I'm plotting some geolocations (lon, lat) of tweets collected using the Stream API with a 7mi. radius. The picture below shows two maps of the same data, but using different alpha/transparency for each observation.

Looking at the map on the left, I noticed that the geolocations follow mostly a sort of imaginary "grid" with specific nodes. Anyone could help me to understand why this pattern surfaces?

enter image description here

Of course, I do have roundings in the coordinates, eg:

"loc: 42.7388,13.1798"         "loc: 42.6252,13.2948"         "loc: 42.6008,13.293"          "loc: 42.73,13.2028"          
"loc: 42.66918468,13.27893702"

but my question is why these roundings occur since I assumed that the Twitter API would guarantee the same level of precision?

Taras
  • 32,823
  • 4
  • 66
  • 137
Dambo
  • 289
  • 2
  • 10
  • 4
    It could either be the precision of the tweeter's GPS or other location data, or the twitter client only sending to a certain precision. Can you see what client sent the tweet? Is the grid 1/10 of a degree? Or is it a precise number of metres? Hmmmm – Spacedman Jan 19 '18 at 18:23
  • 1
    I didn't not scrape the data but they were collected using the Twitter API. The thing is some of the points are tracked at a high level of precision, some are rounded to the 4th decimal (hence the "grid" pattern). I was wondering why there is such a volatility in Twitter data though. The accuracy is definetely higher close to cities, and less in rural areas.
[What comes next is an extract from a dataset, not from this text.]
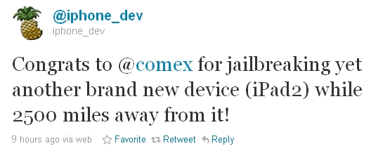 Разработчик программного обеспечения для устройств на базе Apple iOS и по совместительству известный в хакерских кругах специалист comex сообщил об успешном джейлбрейке только что вышедшего планшета Apple iPad 2. В доказательство своих слов comex опубликовал фото- и видеоматериал. На фото без труда угадывается запущенный на взломанном гаджете магазин приложений Cydia. При этом планшет работает под управлением свежей версии операционной системы за номером 4.3.
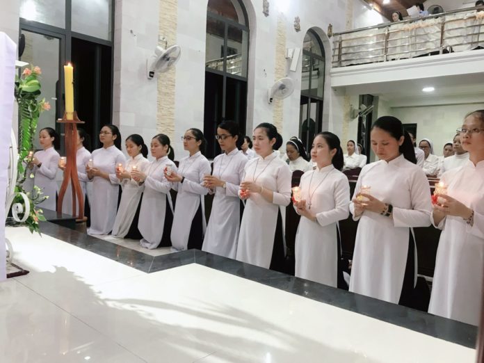 Với những lời thân thưa rõ ràng và dứt khoát trước Thánh Thể. Nguyện xin Chúa Thánh Thần tiếp tục đổ tràn ngọn lửa nhiệt huyết của tuổi trẻ và ơn an bình trên quý chị em, để khi can đảm vâng theo lời mời gọi “Hãy ra khơi”, trước hết là để trải nghiệm và học hỏi, dẫu biết rằng sẽ gặp “Kinh thiên cức địa”[1], nhưng con thuyền của chị em sẽ không bị nhấn chìm giữa giông bão, nhờ dựa vào sức mạnh và sự nâng đỡ của Thánh Thần, bằng đời sống náu ẩn trong Chúa qua thinh lặng cầu nguyện và đối thoại trong tương quan mật thiết. Cầu chúc cho 12 chị em cũng sẽ theo gót chân của “Nhóm Mười Hai” Tông Đồ xưa, dẫu có “Thiên tân vạn khổ”[2] đi chăng nữa thì chị em cũng sẽ luôn “thụ khổ thụ nạn”[3] với một “Khí định thần nhàn”[4] nhé!

I wonder if anyone ever had the same issues when dealing with twitter geolocation. – Dambo Jan 19 '18 at 19:08
  • 2
    It doesn't seem like Twitter provides only four decimal points, at least not a while back: https://gis.stackexchange.com/questions/119923/converting-twitter-tweets-into-points?rq=1 – underdark Jan 19 '18 at 19:23
  • 2
    It seems based on the version of the software that is used, and on the device: https://help.twitter.com/en/safety-and-security/tweet-location-settings – JGH Jan 19 '18 at 19:26
  • 1
    @underdark I'm not saying it does, otherwise, there wouldn't be any difference between the two maps. But it looks like many records are being rounded. I added a sample of my data to show that I do in fact have records with different degrees of accuracy – Dambo Jan 19 '18 at 19:26
  • 2
    they are being aggregated using a fishnet tessellation, or something similar. – atxgis Jan 19 '18 at 20:26
  • 2
    @atxgis any idea about who does the aggregation? Is the device that cannot communicate with a level of accuracy that is high enough? – Dambo Jan 19 '18 at 21:52
  • 2
    There is an option when tweeting to share precise location which is turned off by default. Can this be the reason for the rounding? – Techie_Gus Apr 01 '18 at 20:59
  • 1
    @Techie_Gus is that the same as for sharing the location? How is "precise" defined? – Dambo Apr 05 '18 at 02:53
  • 1
    @Dambo I didn't get your first question. As for the second I don't have data to compare precise location Vs. not precise. – Techie_Gus Apr 05 '18 at 05:55
  • 1
    this could be linked with some privacy issues. If it is too precise you can find the address of everybody. – radouxju Nov 06 '18 at 14:53
  • 2
    I'm surprised they have that many decimals. I also think privacy. With the data you have, you can generate a pretty nice looking heat map. You could also add a small amount of random jitter to your points before making the heat map. Of course, depends on what your goal is. – user1269942 Nov 10 '18 at 20:03
  • 1
    @user1269942 I was interested in understanding tweets' precision, and it turned out that ca. 30% is rounded to 4 decimals – Dambo Nov 11 '18 at 00:46
  • 1
    @user1269942 Given a large enough data set, the average of truly-random random offsets is zero. In such a scheme you could e.g. find someone's home address by looking for the largest cluster (in terms of point count) and averaging the cluster's point locations. – Alex Hajnal Nov 11 '18 at 22:08
  • 1
    @AlexHajnal good point but that is still possible to an extent even with the "rounded" locations, at least in areas that are not densely populated. I wonder if privacy was really a concern, shouldn't we see measures way less precise than 4 decimals? – Dambo Nov 11 '18 at 23:09
  • 1
    @Dambo Valid point. If you're going to provide location data at all you're going to have trade-offs. Honestly, even rounding to the hemisphere level could cause privacy problems, e.g. someone from Mumbai claiming to be in London on business but posting from a beach in Hawai'i. – Alex Hajnal Nov 11 '18 at 23:17

1 Answers1

4

I have looked at tweets to some extent. But not in your area.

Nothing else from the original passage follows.